可解释人工智能中的可解释表征：从理论到实践

可解释表征是许多以基于人工智能和机器学习算法的黑盒预测系统为目标的解释器的支柱。它们将良好预测性能所需的低层次数据表示转化为高层次的人类可理解概念，用于传达解释性见解。值得注意的是，解释类型及其认知复杂性直接受可解释表征的控制，调整可解释表征可针对特定受众和用例。然而，许多建立在可解释表征基础上的解说词忽视了它们的优点，转而使用往往带有隐含假设的默认解决方案，从而降低了这类技术的解释能力和可靠性。为了解决这个问题，我们研究了可解释表征的特性，这些特性编码了人类可理解概念的存在与否。我们展示了如何对表格、图像和文本数据进行操作；讨论了它们的假设、优势和劣势；确定了它们的核心构件；并仔细研究了它们的配置和参数化。特别是，通过这种深入分析，我们可以在表格数据的背景下精确定位它们的解释属性、可取之处和（恶意）操纵范围，在表格数据中，线性模型用于量化可解释概念对黑箱预测的影响。我们的研究结果为设计值得信赖的可解释表征提出了一系列建议；特别是对表格数据进行类感知（监督）离散化（如使用决策树）的好处，以及图像可解释表征对分割粒度和遮挡颜色的敏感性。

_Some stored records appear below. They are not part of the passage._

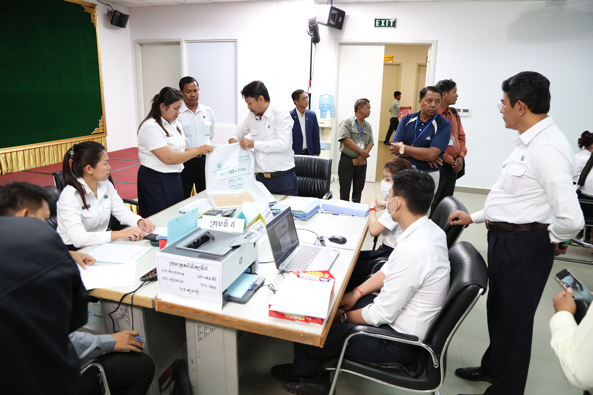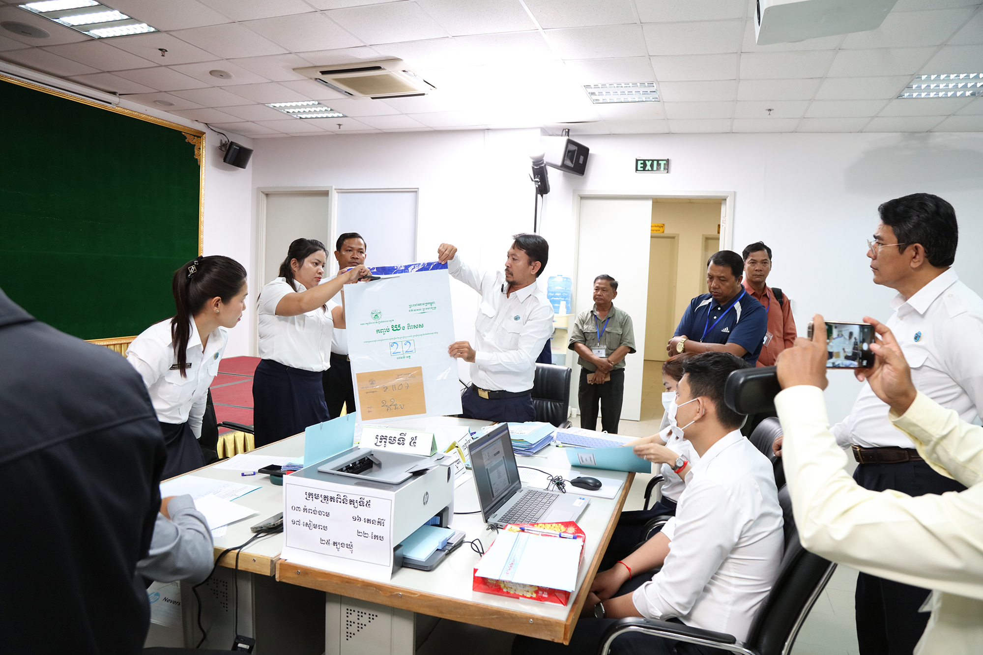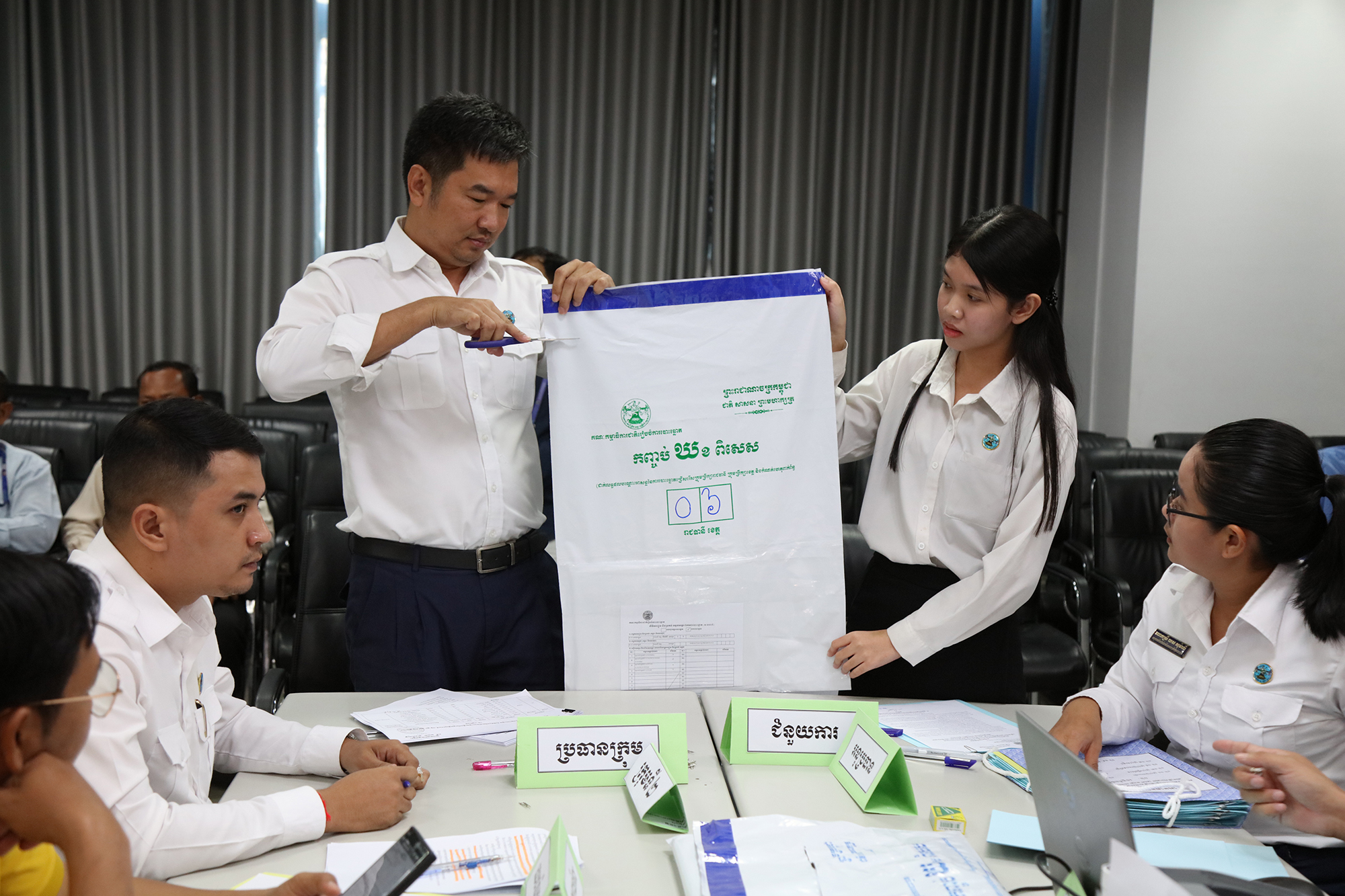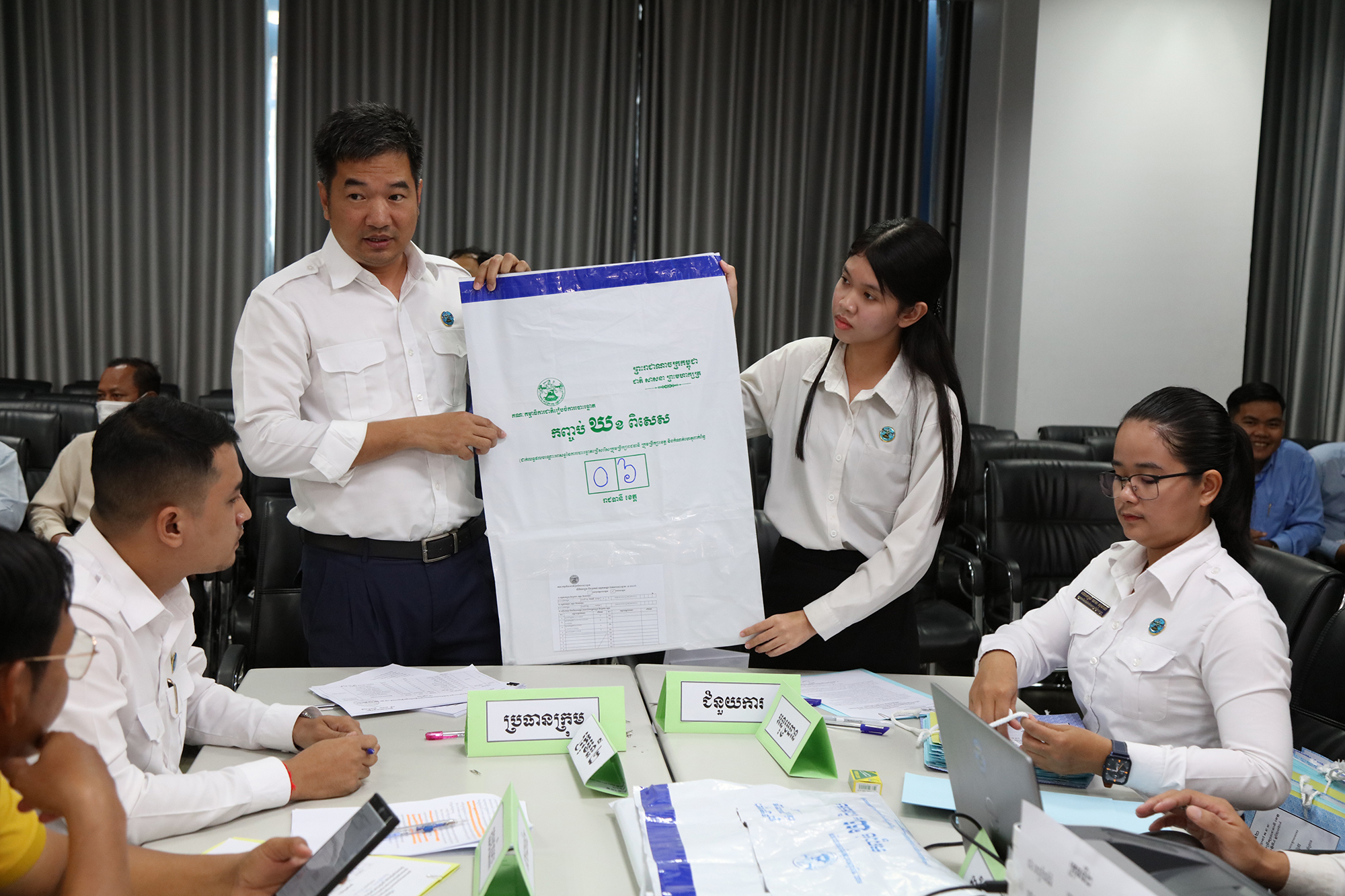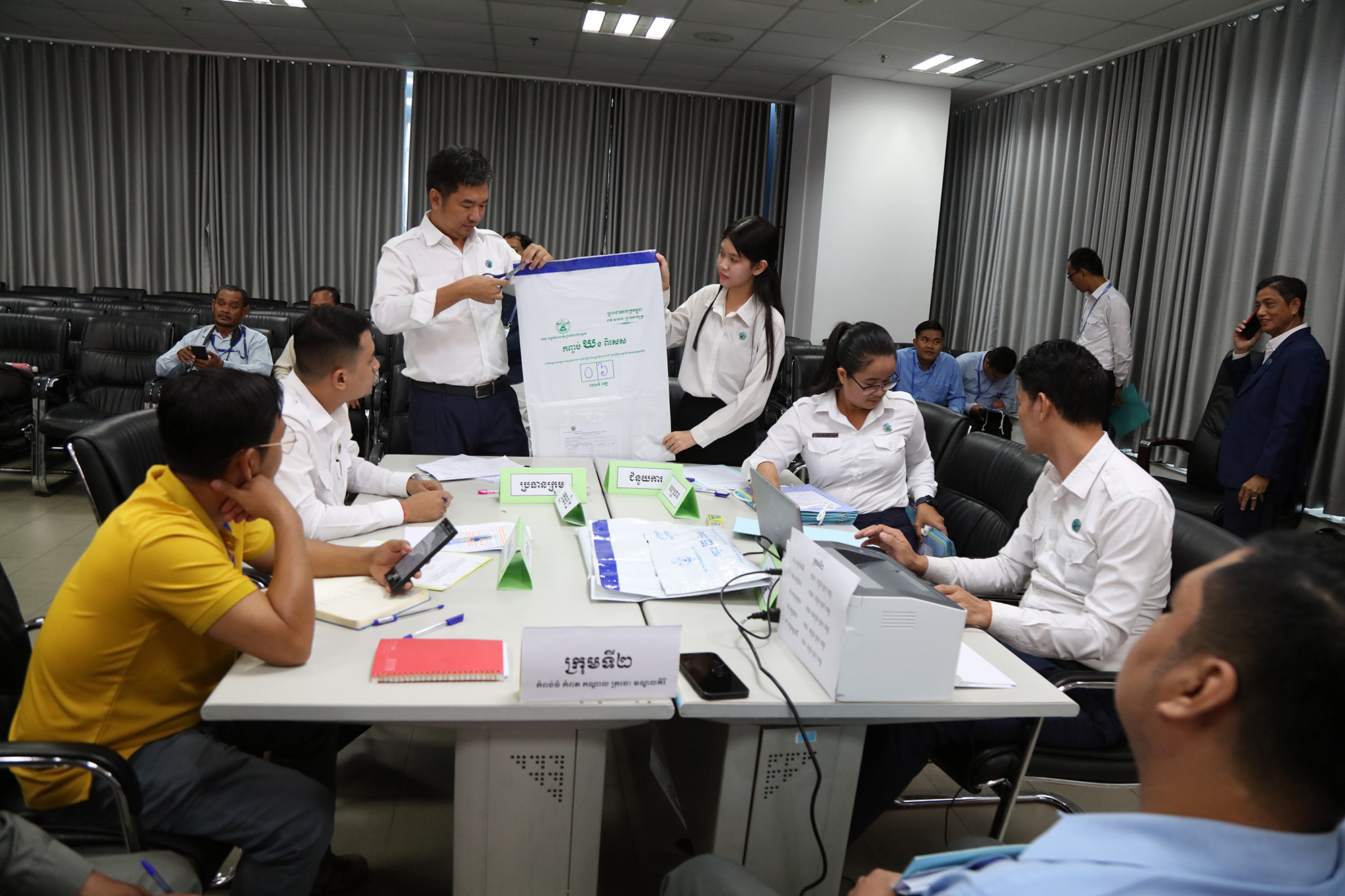រូបភាពសកម្មភាព នៃការត្រួតពិនិត្យ និងផ្ទៀងផ្ទាត់ឡើងវិញ ដើម្បីបញ្ជាក់ពីភាពត្រឹមត្រូវនូវលទ្ធផលបណ្ដោះអាសន្ននៃការបោះឆ្នោតជ្រើសរើសក្រុមប្រឹក្សារាជធានី ក្រុមប្រឹក្សាខេត្ត ក្រុមប្រឹក្សាក្រុង ក្រុមប្រឹក្សាស្រុក ក្រុមប្រឹក្សាខណ្ឌ អាណត្តិទី៤ ឆ្នាំ២០២៤ នៅទីស្ដីការ គ.ជ.ប នារសៀលថ្ងៃទី៣០ ខែឧសភា ឆ្នាំ២០២៤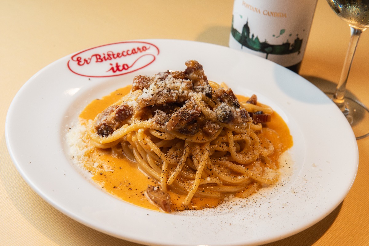 生クリームは使用せず、黄身が濃い卵黄とペコリーノチーズで作る本場濃厚カルボナーラ。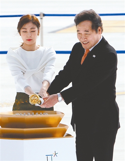 11月1日,韩国总理李洛渊(右)与平昌冬奥会大使、韩国花样滑冰运动员金妍儿共同点燃仁川机场的圣火盆。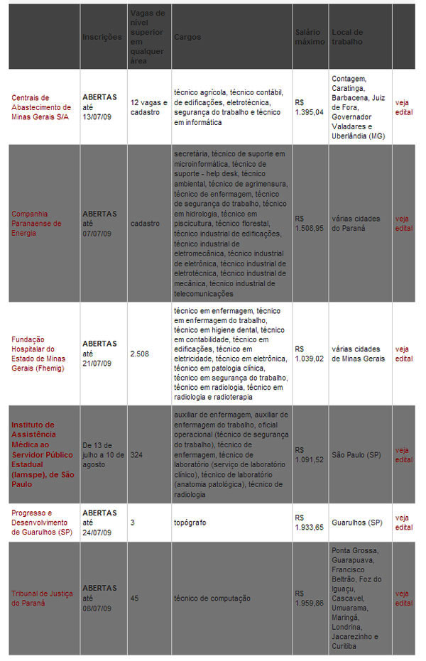 http://g1.globo.com/Noticias/Concursos_Empregos/0,,MUL148256-9654,00-CONFIRA+LISTA+DE+CONCURSOS+E+OPORTUNIDADES.html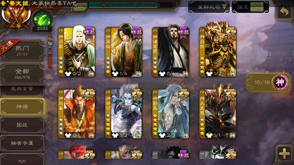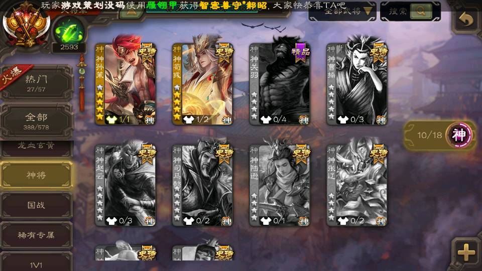 (神将):神荀彧,神郭嘉,神甘宁,神孙策,神太史慈,神吕布,神刘备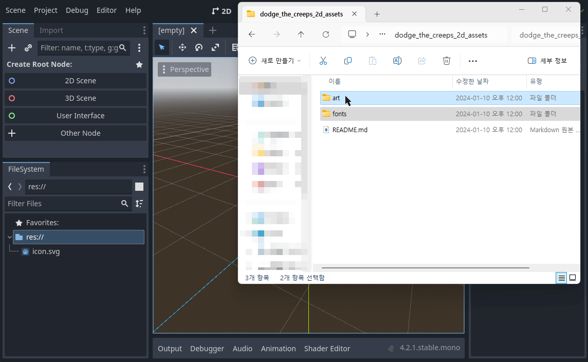 - dodge_the_creeps_2d_assets.zip을 다운 받아 압축을 푼다.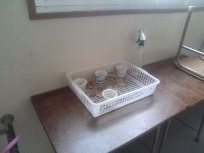 発芽の実験中です。発芽するには、何が必要なのかを調べています。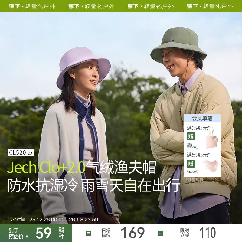 蕉下气绒保暖渔夫帽秋冬女款防风显脸男女通用防水登山户外冷帽子
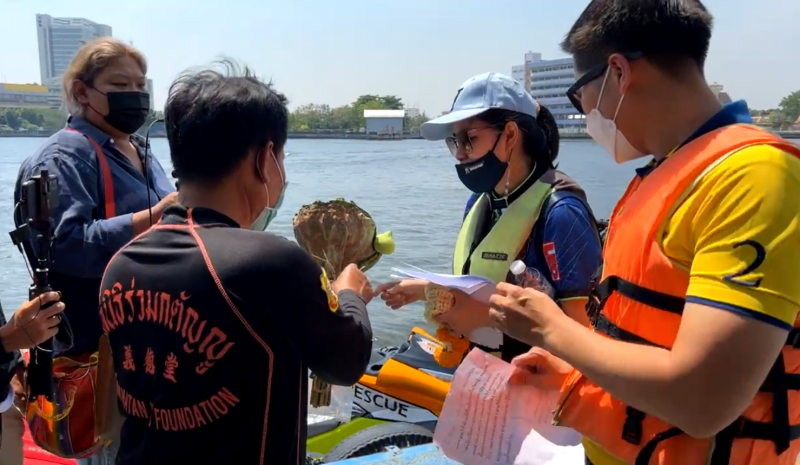 จากนั้น ทีมกู้ภัยฯ ได้พบกับ เต้ มงคลกิตติ์ จึงฝากทำพิธีดังกล่าว โดยให้นักแสดงสาวนั่งเรือไปทำพิธีดังกล่าวบริเวณกลางแม่น้ำเจ้าพระยา ห่างจากหน้าโป๊ะเรือที่เจ้าหน้าที่ประมาณ 50 เมตร โดย ณ ตอนนั้นทีมกู้ภัยฯ เชื่อว่า เป็นพิธีที่ไม่ได้เสียหายอะไร และก็ทำเพราะเขาได้ตั้งใจนำมาให้อีกด้วย ต่อมาก็ได้พบว่าแตงโม ลอยน้ำมาให้เห็น
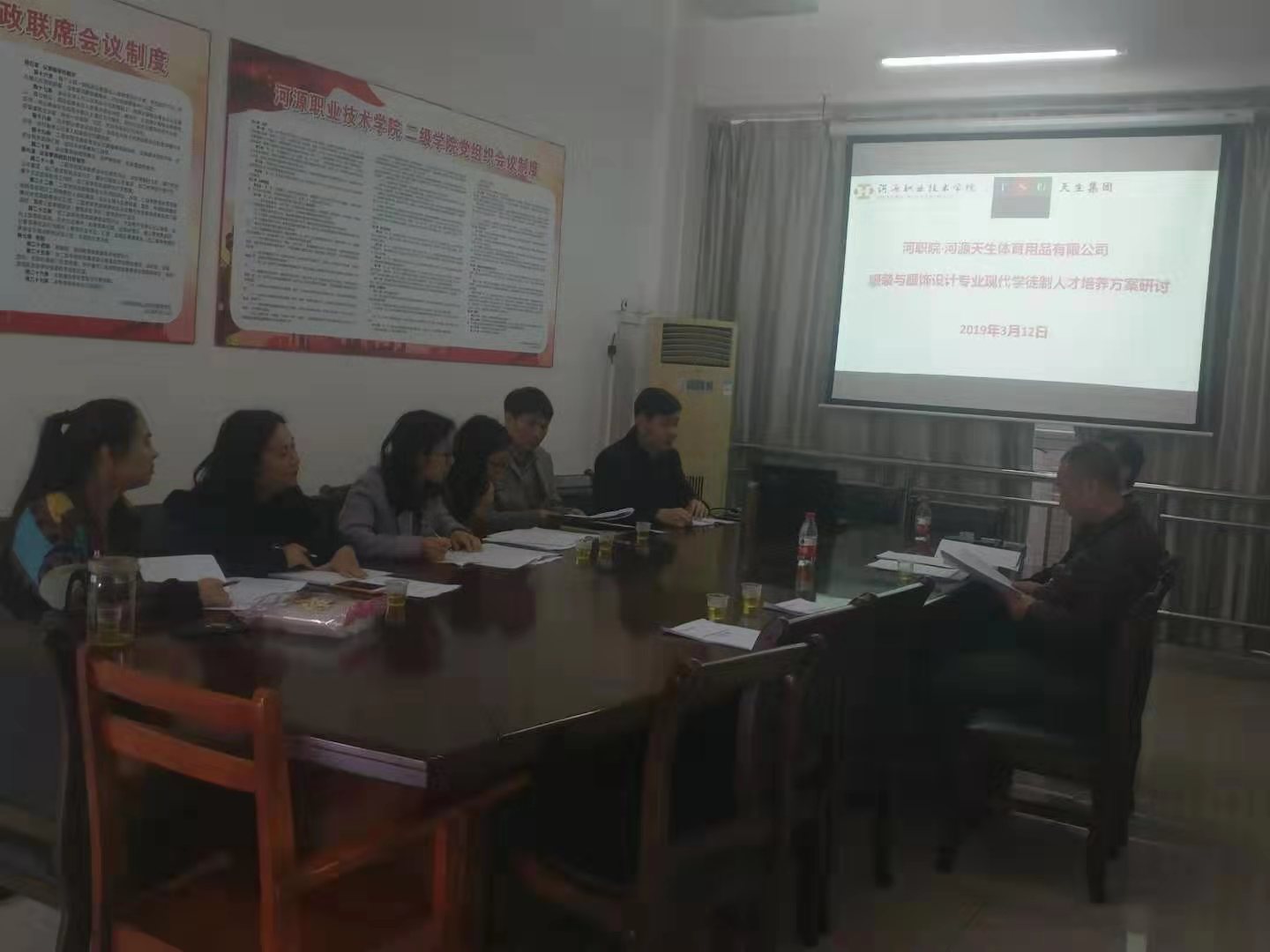 3月12日上午,我院在艺术楼A202召开了服装与服饰设计专业现代学徒制人才培养方案制订研讨会。艺术与设计学院院长杜伟祥、副院长王方、服装与服饰设计专业主任高晓杰及专业老师、河源天生体育用品有限公司总经理袁诗洪及公司技术人员出席本次会议,会议由杜伟祥院长主持。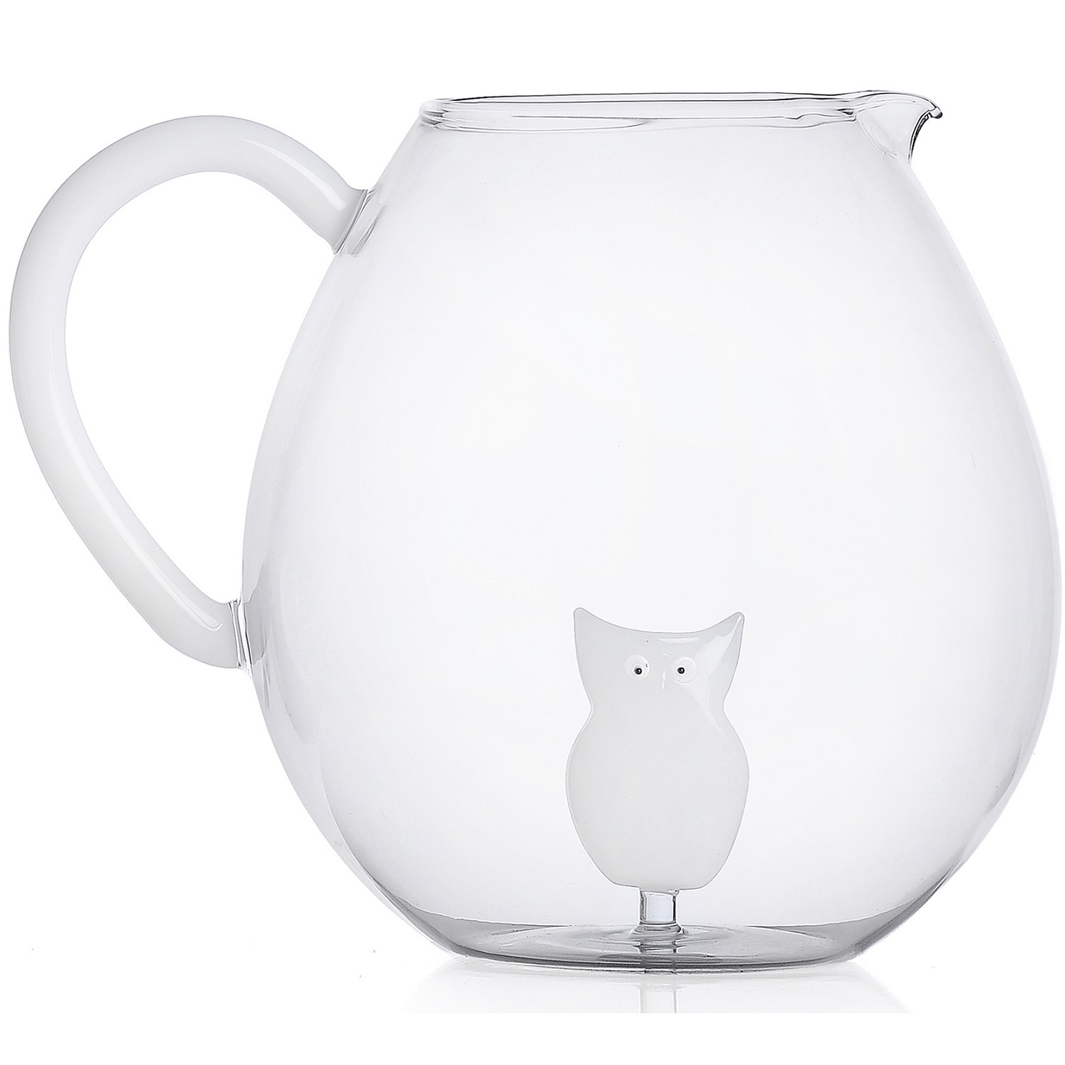 Designové džbány Animal Farm Owl Jug od Ichendorf Milano jsou z kolekce, která vznikla před několika lety a je inspirována sny a pohádkami. Tuto přírodní kolekci čirého a barevného skla zdobí ručně vyráběné malé postavičky zvířat, které vtipně doplňují skleněné designy známé umělkyně a designérky Alessandry Baldereschi. Ta díky svojí představivosti vytvořila nádhernou a hravou kolekci imaginární a kouzelné krajiny, která vám vytvoří neopakovatelnou atmosféru nejen vašeho stolu, ale i domova.

本文章由计算机程序翻译，如有差异，请以英文原文为准。

求助全文

约1分钟内获得全文去求助

来源期刊

Data Mining and Knowledge Discovery 工程技术-计算机：人工智能

CiteScore

10.40

自引率

4.20%

发文量

审稿时长

10 months

期刊介绍： Advances in data gathering, storage, and distribution have created a need for computational tools and techniques to aid in data analysis. Data Mining and Knowledge Discovery in Databases (KDD) is a rapidly growing area of research and application that builds on techniques and theories from many fields, including statistics, databases, pattern recognition and learning, data visualization, uncertainty modelling, data warehousing and OLAP, optimization, and high performance computing.